---------- Material for this task ----------

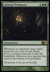 Card TextWhenever an opponent casts a spell, reveal the top card of your library. If it"s a creature card, put it onto the battlefield. Otherwise, you may put that card on the bottom of your library.
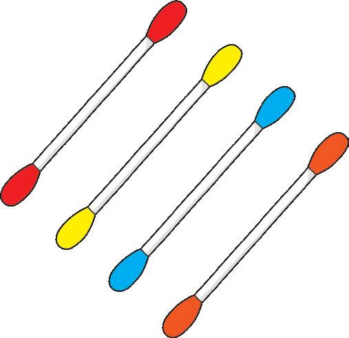 Step 1: Dip the ends of the earbuds in red, yellow, blue and orange colour.
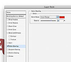 Шаг 3. На Панели Слоев (Panel Layers) выбираем Layer Style (Стиль слоя), значок находится в нижней части Панели. В появившемся окошке щелкаем на Color Overlay (Наложение цвета).
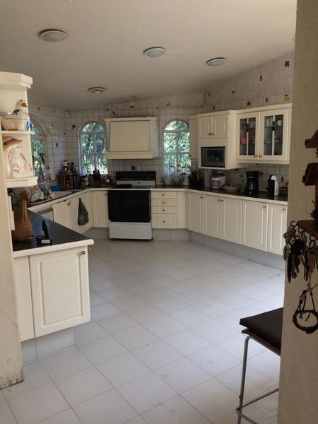 Por un lado, tenemos la cocina de espacioso tamaño, con una vista arbolada que nos hace deleitable la hora de la preparación de nuestros alimentos. Por otro lado, tenemos el acceso al despacho, comedor, sala, escaleras para las recámaras y estancia.
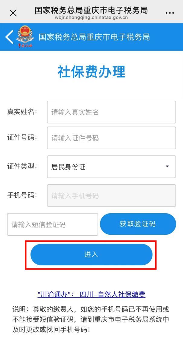 (1)打开“重庆税务”微信公众号,点击页面底部【网上办税】-【个人社保】,依次输入姓名、身份证号、手机号码、验证码等信息后,进入“社保费办理”页面。
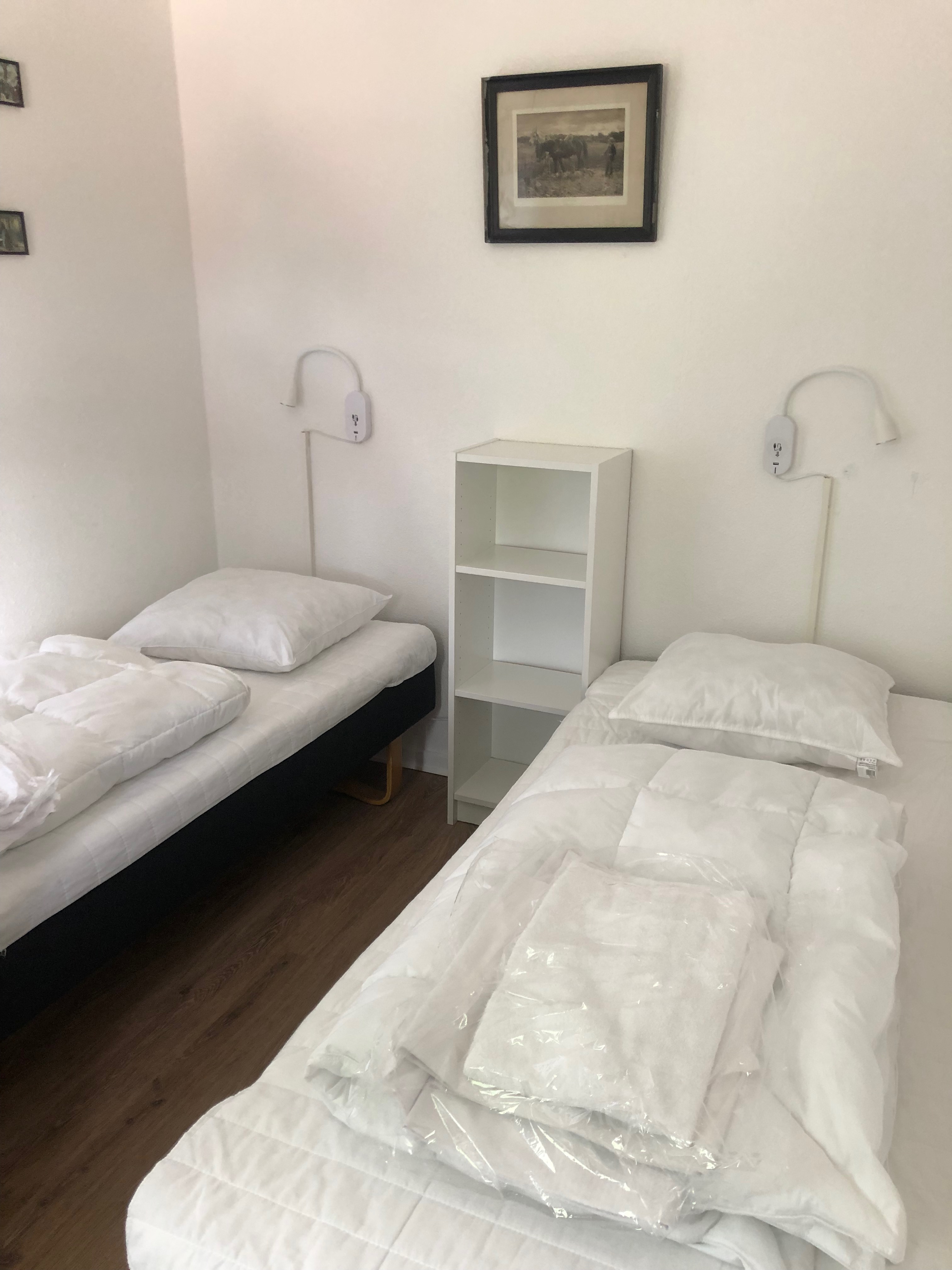 On loge dans un endroit composé de plusieurs bâtiments de plein pied, chacun abritant quelques chambres. La notre, le numéro 10, est vraiment rudimentaire : deux lits jumeaux, une table et une chaise, une petite étagère entre les deux lits, et c’est tout ! Pour les sanitaires, il faut aller dans le bâtiment voisin, où se trouve un local wc -douche qu’on partage avec nos voisins du numéro 9.

----------

Each line from the top of the material through the line containing "Step 1: Dip" should be reproduced exactly; please drop any images.

 Card TextWhenever an opponent casts a spell, reveal the top card of your library. If it"s a creature card, put it onto the battlefield. Otherwise, you may put that card on the bottom of your library.
 Step 1: Dip the ends of the earbuds in red, yellow, blue and orange colour.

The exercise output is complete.